3. **P-value**: $p = \text{mean}(|D_\text{exp}| > |D_\text{obs}|)$.

This differs from the original MR-PRESSO R implementation, which in some cases samples from the full dataset (including outliers) for the expected-bias regressions and was inconsistent with the paper's description.

### Output structure

`Geno.MRpresso()` returns four objects:
- `mod_table`: a small results table (`Raw` and `Outlier-corrected` rows; IVW model),
- `GlobalTest`: RSS and global p-value,
- `OutlierTest`: per-variant outlier p-values (empty if the global test is not significant); SNP IDs as row labels,
- `BiasTest`: distortion test result dictionary containing `"outliers_indices"` (SNP IDs), `"distortion_test_coefficient"`, and `"distortion_test_p"` (empty if distortion test was not run).

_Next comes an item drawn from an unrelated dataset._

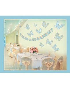 Оформительский набор "С днем свадьбы" (GKIM 29.148.00) K010510 Набор украшений для интерьера на скотче. Выполнен из дизайнерской бумаги, декорирован цветными блестками в лаке. Набор состоит из 10 бабочек. Нежно-голубые украшения украсят банкетный зал или сказочную детскую комнату. Узорные бабочки помогут создать волшебную атмосферу в любом помещении. В комплект входит двусторонний скотч. Мин. заказ 500 руб.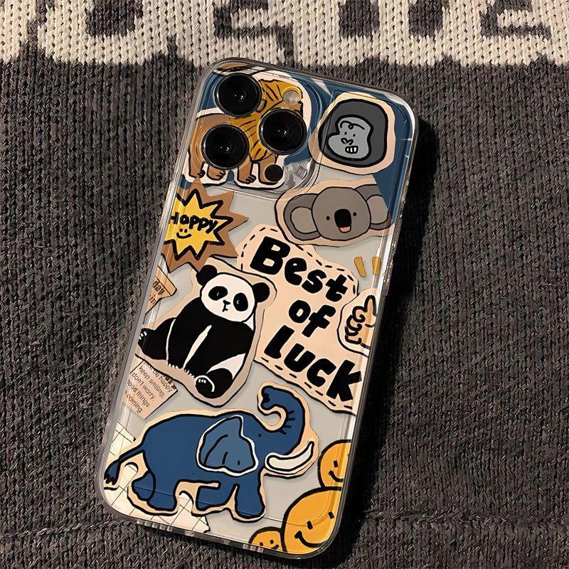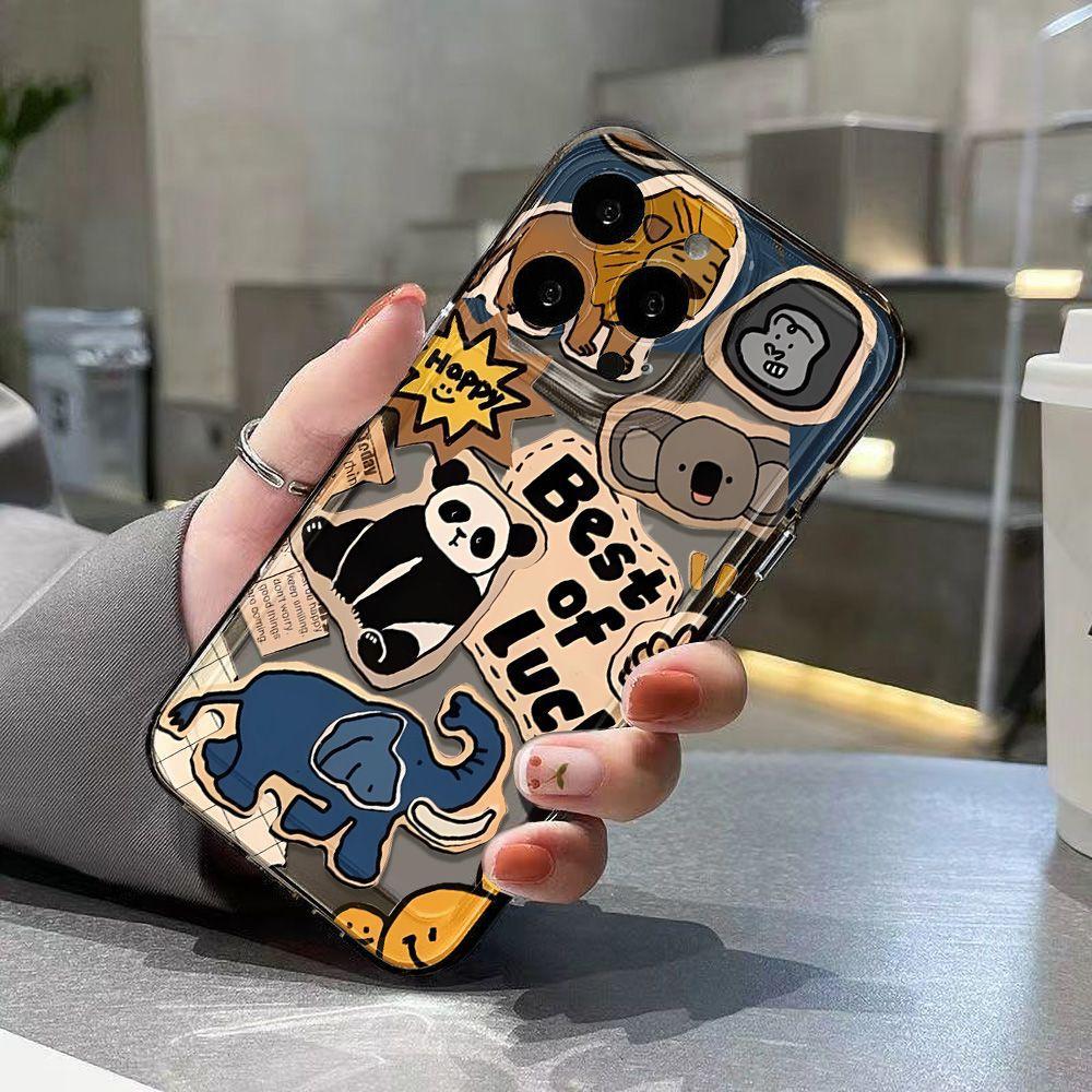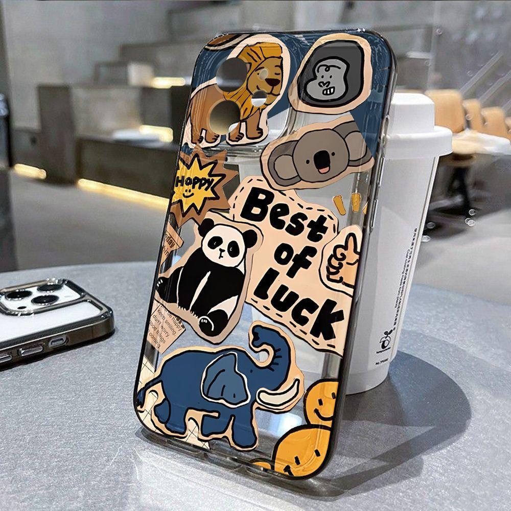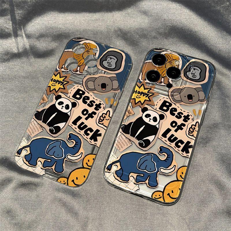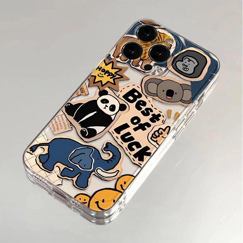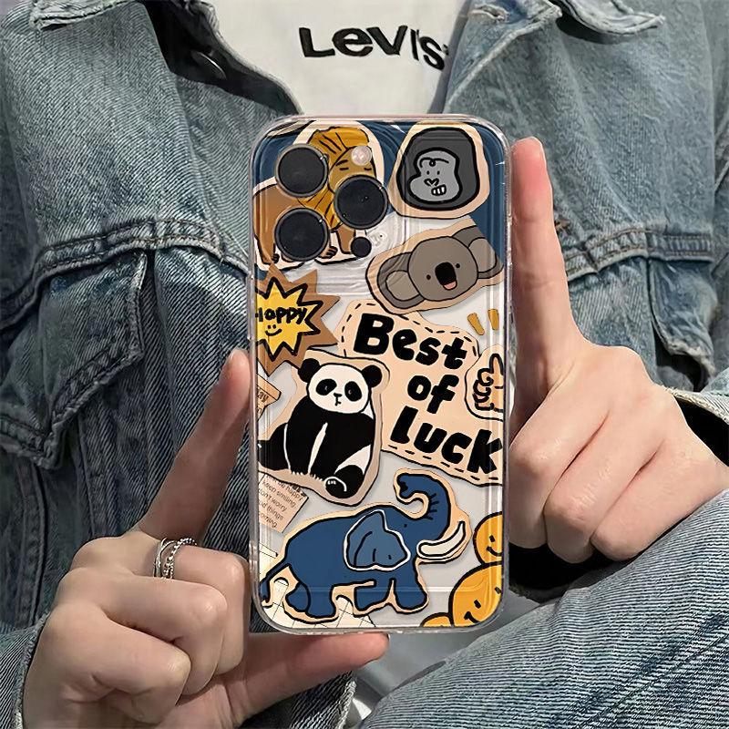 Animalitos Felices Adecuado para iPhone 17 Pro Max Carcasa de Teléfono Espacial Apple 15 Transparente 14/13 Agujero Fino 12

If outliers are found, `genal` stores the outlier-removed harmonized table and allows rerunning MR with `Geno.MR(use_mrpresso_data=True)`.

## Colocalization (ABF)

Implementation: {py:func}`genal.colocalization.coloc_abf_func`.

For each trait and each variant, `genal` computes an approximate Bayes factor (ABF) from regression estimates. Let:

```{math}
z = \frac{\beta}{\sqrt{\mathrm{var}(\beta)}}
```

and let the prior standard deviation be:

- quantitative trait: $sd_\mathrm{prior} = 0.15 \cdot sd_Y$
- case-control trait: $sd_\mathrm{prior} = 0.2$

Then, with $r = \frac{sd_\mathrm{prior}^2}{sd_\mathrm{prior}^2 + \mathrm{var}(\beta)}$, the log-ABF is:

```{math}
\log(\mathrm{ABF}) = \frac{1}{2}\left(\log(1-r) + r z^2\right)
```

`genal` combines per-trait ABFs to compute posterior probabilities for hypotheses $H_0$–$H_4$ (no association, trait1 only, trait2 only, both traits but different variants, both traits and shared variant) using priors `p1`, `p2`, `p12`.

Practical note: colocalization is usually done on a **locus/region**, not genome-wide, and requires careful choice of priors and trait type (`quant` vs `cc`).